Dette intérieure : le chiffre de 4 340 milliards est-il surestimé par le gouvernement ?

Le président de la Fédération des Entreprises du Gabon l’a dit sans détour, en marge du Gabon Economic Forum : toutes les créances présentées par les entreprises ne méritent pas d’être retenues. Certains documents soumis sont contestables. La Task Force et le ministère de l’Économie trient. Et ce tri, selon Alain-Claude Kouakoua, pourrait changer substantiellement la lecture du dossier. Ce que cela signifie concrètement : le chiffre de 4 340 milliards de fcfa, présenté depuis des mois comme le montant de la dette intérieure de l’État gabonais, est potentiellement surestimé. Personne ne sait encore de combien.
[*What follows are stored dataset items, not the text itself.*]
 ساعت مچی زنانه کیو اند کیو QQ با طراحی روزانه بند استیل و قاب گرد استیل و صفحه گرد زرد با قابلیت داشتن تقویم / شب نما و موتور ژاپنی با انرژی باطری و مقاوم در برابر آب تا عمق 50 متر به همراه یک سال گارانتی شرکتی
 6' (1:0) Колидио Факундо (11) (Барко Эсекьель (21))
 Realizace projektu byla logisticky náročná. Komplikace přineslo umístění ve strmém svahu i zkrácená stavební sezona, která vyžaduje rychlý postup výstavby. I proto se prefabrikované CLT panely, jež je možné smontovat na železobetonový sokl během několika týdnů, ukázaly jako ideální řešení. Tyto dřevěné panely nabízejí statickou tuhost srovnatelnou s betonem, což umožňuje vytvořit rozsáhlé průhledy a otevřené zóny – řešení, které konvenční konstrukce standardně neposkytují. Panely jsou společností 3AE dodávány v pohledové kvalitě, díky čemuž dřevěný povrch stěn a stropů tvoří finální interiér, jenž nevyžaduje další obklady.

Ce n’est pas un détail comptable. C’est une question de souveraineté budgétaire et de crédibilité institutionnelle. Si une part significative de ce passif repose sur des créances fabriquées, gonflées ou simplement non justifiées, le Gabon a supporté pendant des années une pression politique et médiatique fondée sur des chiffres non audités. Pire : les négociations conduites avec le FMI, qui intègrent la trajectoire de la dette intérieure dans l’évaluation de la consolidation budgétaire et de l’espace fiscal disponible, se sont déroulées sur cette base. La solidité du programme économique gabonais repose en partie sur un chiffre dont la fiabilité vient d’être publiquement mise en doute par le premier représentant du secteur privé organisé.
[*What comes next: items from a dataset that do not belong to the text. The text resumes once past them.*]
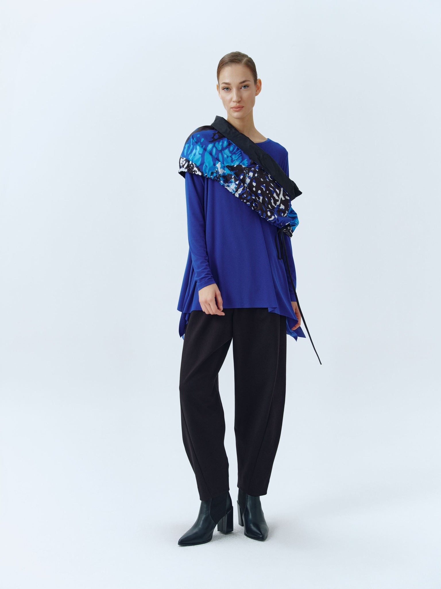 V-shaped scarf with side slit and fixing with ribbons. Eyecatching accessorie that can lift up any combination.
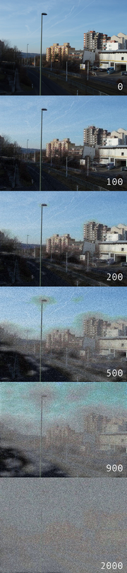 Successive generations of photocopies result in image distortion and degradation.[3] Repeatedly downloading and then reposting / reuploading content to platforms such as Instagram or YouTube can result to noticeable quality degradation.[4][5][6] Similar effects have been documented in copying of VHS tapes.[7] This is because both services use lossy codecs on all data that is uploaded to them, even if the data being uploaded is a duplicate of data already hosted on the service, while VHS is an analog medium, where effects such as noise from interference can have a much more noticeable impact on recordings.
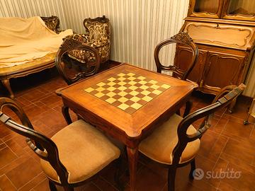 tavolo da gioco con ripiano ribaltabile per scacchi i poker comprensivo di quattro sedie imbottite in velluto
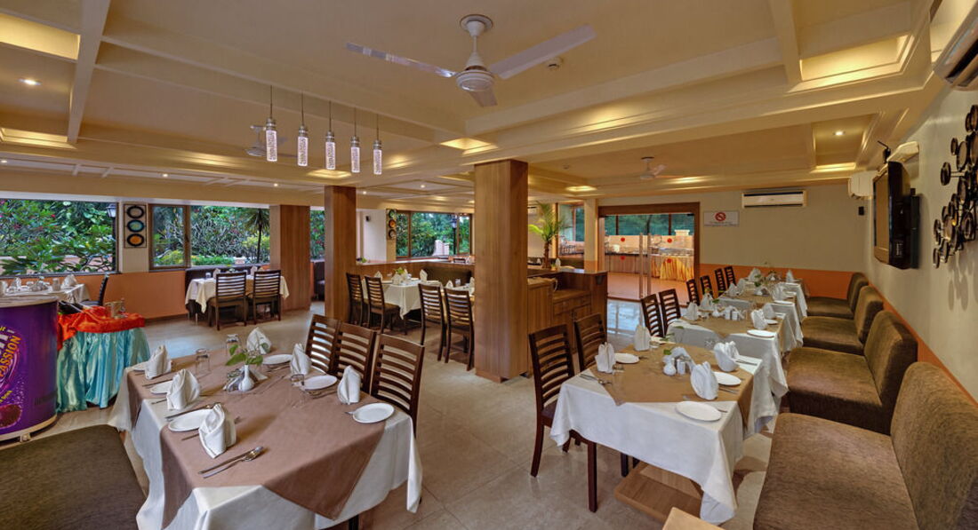 Сразу скажу,были с дочкой 1,5 лет!!!отель расположен НЕ УДАЧНО!выбирайте северный или южный Гоа(я бы поехала на юг)мы катались везде(но это такси-это около 1,5 тыс рублей в день только на дорогу)...от отеля есть пляж,и море..вернее река...по-этому не сравнить с океаном!сам отель чистый,персонал ОЧЕНЬ хороший!!!За дочкой смотрели постоянно,махали ей,правда они немного надоедают,постоянно старались потрогать её!Еда-это конечно отдельная история..."ноу спайси" а итог в рот еду не взять!у отеля ресторан хороший,но дорогой!!,а так как рядом нет ничего(не шеков-ни магазинов) покупать будешь еду в ресторане отеля!Для малышки брала коробку с детским питанием разным,купленным в России(картошка,мясо в баночках)!В отеле она ела рис с бефстрогановом,суп куриный!магазинов рядом нет,а те что есть в городе там детского не нашли(ну памперсы и прочее есть,еды нет)!конечно если есть у вас возможность оставить малыша с бабушками оставляйте...если парой ехать то гоа отличное место,берёте байк и поехали кататься!Страна интересная очень!на пляжах кушать правда аккуратно!мы отравились с мужем...если брать там что-то,то не блинчики,не омлеты(не надо молока!!)отель мне кажется больше для людей постоянных..приехал и лежи возле реки...или для командировок!кстати пилоты,стюардессы останавливаются именно в этом отеле)
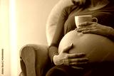 Pregnant woman resting a cup of tea on her belly
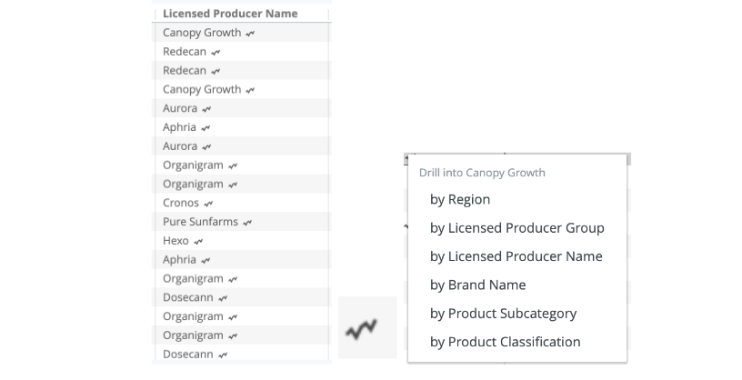 Data Drills: Where you see the ‘lightning’ symbol, you are able to drill into the data set further (ex. By region, by group, etc).
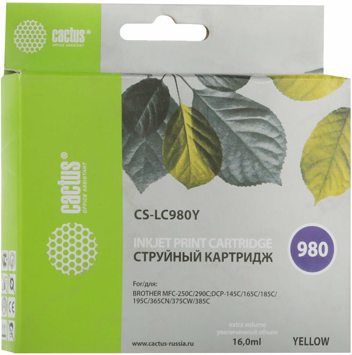 Картридж струйный Cactus CS-LC980Y желтый для Brother DCP-145C/165C MFC-250C/290C (16ml)
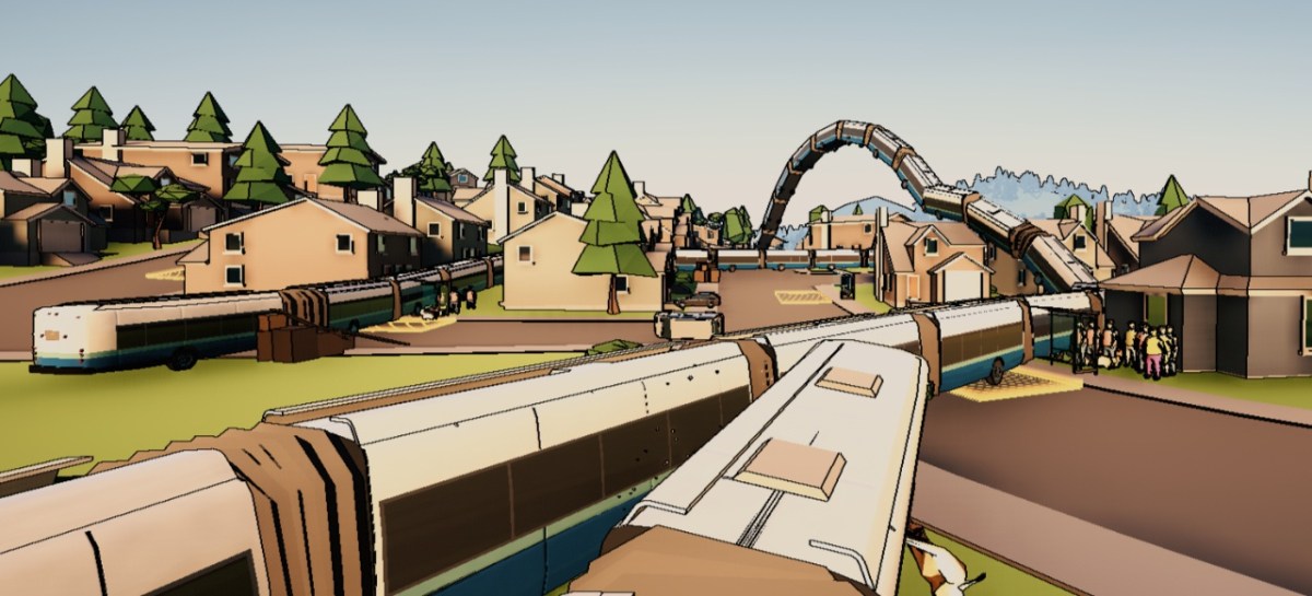 Doch genug der Vorrede, das Spiel gibt sich schließlich auch nicht mit einleitenden Worten, einer Geschichte, einem Spielziel oder erklärenden Tutorials ab. Stattdessen bekommt man einfach ein Hauptmenü vorgesetzt, wo Gefährt, Level und Spielmodus ausgewählt werden – und schon geht das Snakeybus-Chaos los. Das Spielprinzip ist ausgesprochen simpel: Man fährt als Bus (mit automatischer Geschwindigkeit, schneller ist aber möglich) durch kleine Sandbox-Stages, sammelt an Haltestellen durch bloßes Vorbeibrettern Fahrgäste auf und liefert sie an einem von vielen Orten ab. Als Belohnung dafür wird der Bus länger und länger und länger – bis irgendwann das halbe Level mit der Blechschlange gefüllt ist und man aufpassen muss, sich nicht selbst im Weg zu stehen. Das Touchieren der eigenen Wagen wird, im Gegensatz zum Pixel-Schwarz im Nokia-Klassiker Snake, aber nicht sanktioniert – nur wenn man sich verkeilt und stehenbleibt, kommt der Game-Over-Screen. Das gilt aber auch für das Festfahren in Sackgassen oder einen Sturz in Fluss oder Teich.

La FEG elle-même reconnaît qu’environ 50% de la dette aurait déjà été remboursée depuis l’arrivée du CTRI. Des entreprises créancières qui ont été payées, selon les termes d’Alain-Claude Kouakoua, « ne le disent pas, ne le communiquent pas ». Ce silence mérite une explication. S’agit-il d’une stratégie délibérée pour maintenir une pression maximale sur l’État ? D’une retenue liée à des contentieux parallèles en cours ? Ou simplement d’un déficit de transparence symétrique à celui que le secteur privé reproche aux pouvoirs publics ? La question reste ouverte, mais elle révèle que l’opacité dans ce dossier n’est pas unilatérale.

L’échéancier de cinq ans que la FEG entend soumettre au gouvernement le 15 juillet prochain s’appliquera donc à un solde encore indéterminé. Le principe retenu est clair : seule la dette certaine, validée par audit conjoint entre la Task Force et le ministère de l’Économie, sera intégrée dans le programme de remboursement. Ce filtre est sain. Il est même indispensable. Mais il soulève une question de gouvernance que personne ne pose : pourquoi cet audit n’a-t-il pas été conduit dès 2023, au moment où le CTRI prenait la mesure de l’héritage budgétaire laissé par le régime précédent ? Trois ans ont été perdus à négocier sur des chiffres non certifiés.

Ce que l’on sait aujourd’hui : le montant réel de la dette intérieure gabonaise sera inférieur aux 4 340 milliards affichés. Ce que l’on ignore encore : l’ampleur de l’écart, les secteurs où les surévaluations sont les plus importantes, et la part de responsabilité des administrations publiques qui ont validé des marchés ou des livraisons sans contrôle suffisant. C’est cet écart, et les responsabilités qu’il engage, qui devraient concentrer l’attention des observateurs. Pas les annonces de calendrier.